Quand la mémoire devient devoir
Je suis comme un lycéen qui, le dimanche,
Sèche devant sa page blanche
Maudite est la dissertation
Le sujet ? « Com’ , mémos, rations »
Et puis voilà que les idées lui viennent
Et qu’il se met à lister toutes ces mémoires en concurrence
Certaines pesant plus lourd sur la balance
Mais jusqu’où remonter le temps
De la comptabilité des massacres et des traites négrières ?
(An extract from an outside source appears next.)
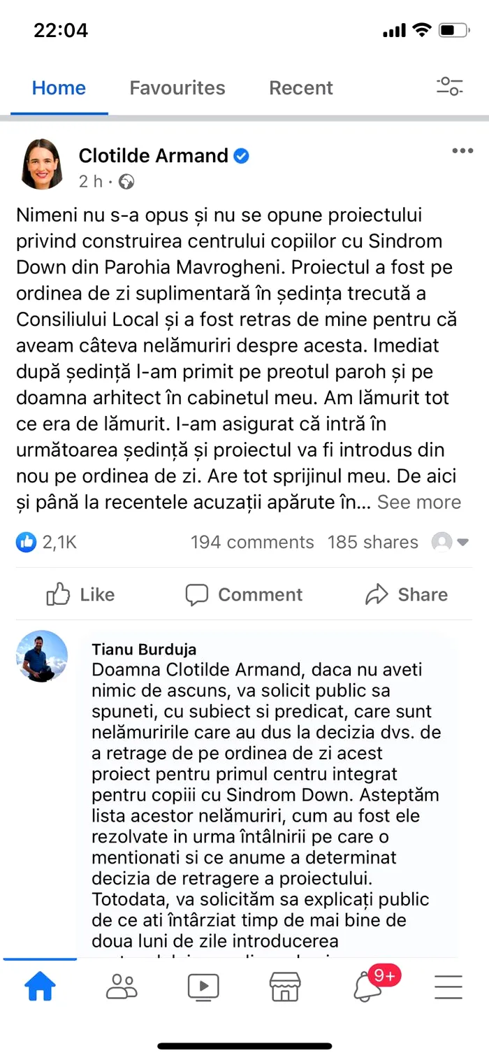 Doamna Clotilde Armand, dacă nu aveți nimic de ascuns, vă solicit public să spuneți, cu subiect si predicat, care sunt nelămuririle care au dus la decizia dumneavoastră de a retrage de pe ordinea de zi proiectul pentru primul centru integrat pentru copiii cu Sindrom Down, îi răspunde liderul PNL Sector 1, Sebastian Burduja, primarului Sectorului 1 la mesajul pe Facebook scris de Clotilde Armand pe acest subiect.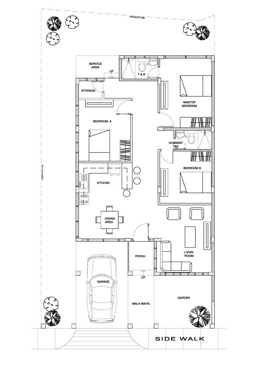 แบบบ้านหน้าแคบทรงโมเดิร์นหลังนี้ประกอบไปด้วย 3 ห้องนอน 2 ห้องน้ำ 1 ห้องนั่งเล่น 1 ห้องครัว 1 ห้องเก็บของ พร้อมที่จอดรถและสวนหน้าบ้าน พื้นที่ใช้สอยทั้งหมดประมาณ 73 ตารางเมตร

Celles d’avant les Amériques
Quand les Chefs Maures asservissaient
Le bois d’ébène sans vergogne
Faut-il aussi blâmer les Romains
D’avoir si bien acclimaté leurs vins
Sous nos climats
Que l’alcool est devenu, en France, la cause première des accidents mortels ?
Et pourquoi pas accuser Romulus
D’avoir violé Margot la gironde
La belle Gauloise aux tresses blondes
Ravie pourtant d’avoir enfin
Un beau bébé tout brun
Quand la mémoire devient devoir
J’ai le cafard face aux armoires
Et si le devoir de mémoire c’est dire « plus jamais ça »
Alors que faire des massacres quotidiens
Dont nous sommes les témoins ?
Que faire de ce devoir qui se transforme en pensum ?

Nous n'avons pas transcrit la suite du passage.